Appropriate boundaries are considered a critical resource for healthy family process, because many families become stuck in the transition from childhood to adolescence (Garbarino, 1982). Such families tend to maintain loose boundaries characteristic of the over-involvement appropriate for young children (McGoldrick & Carter, 1982; Quinn, Newfield, & Protinsky, 1985). They fail to develop the flexibility required for adolescents where boundaries must be more rigid, respecting the adolescent’s need for privacy and the opportunity for individuation (McGoldrick & Carter, 1982). Developing Appropriate Boundaries is session five in the Family Challenge curriculum and follows Building Trust. This sequence of sessions is important because a certain level of trust must be achieved before parents will feel comfortable establishing more flexible boundaries.

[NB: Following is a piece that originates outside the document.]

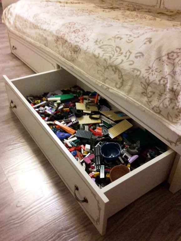 У меня прям проблема. В квартире люблю порядок, всегда стараюсь организовать его, чтобы все спокойно убиралось по местам и не было видно никому. В общем, все спрятано. Ну это ладно. Не суть. У деткй прям ну никак с чистотой. И я даже их не виню. Я сама не понимаю, как организовать им пространство. Может вы мне фоточки какие покажете? У нас лего...везде оно. Куда вот его ставить? Собранные именно. И вообще как-то не получается все у меня вместить и организовать. Вот думаю над стеллажами... ещё нужно куклы дочки куда-то положить.накупила контейнеров в своё время для маленьких деталей, но как-то не помогает. Все на полках, полу-везде! Никакого порядка. Все, что валялось, в пакеты покидала и пока убрала для видимого порядка, для себя)))
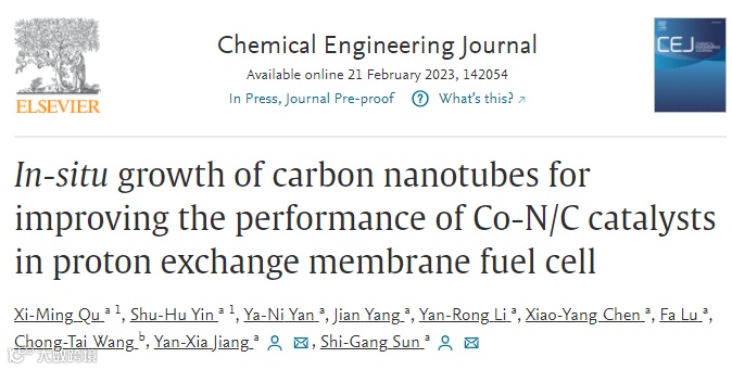 基于此,厦门大学孙世刚教授、姜艳霞教授在国际知名期刊Chemical Engineering Journal上发表题为“In-situ growth of carbon nanotubes for improving the performance of Co-N/C catalysts in proton exchange membrane fuel cell”的研究文章。

The initiative activity that is used to demonstrate the skill of appropriate boundaries is called “Lighthouse.” It is commonly known in the adventure field as “Minefield.” The activity involves designating an area to be the harbor and scattering objects throughout the area to represent mines. The mines can be named by the families to represent the challenges that adolescents face today. The adolescents are then blindfolded and must be directed by their parents from one end of the area to the other without hitting a mine. The metaphor establishes the adolescents as ships to be launched but they must navigate the treacherous harbor in order to reach the open sea. The parents are lighthouse attendants and can see the mines but must stay on shore. Parents will naturally attempt to control their teen’s every move in order to ensure their safety, although adolescents clearly need the opportunity to captain their own ships. After several minutes, the activity is stopped to point out this dilemma. If time allows, it can be interesting to give the families a chance to solve this dilemma. One suggestion is that the lighthouse attendants can only respond to questions from the captains. This places the responsibility with the adolescents while maintaining the parents as resources. Although this particular metaphor presentation focuses on adolescents, younger children may be used to monitor the harbor and make the explosions. An alternative is to send the younger children out into the water as well and direct them around the harbor (but not out to open sea) with intensive supervision. This provides the opportunity to contrast communication and supervision styles, representative of different types of boundaries, for younger and older children.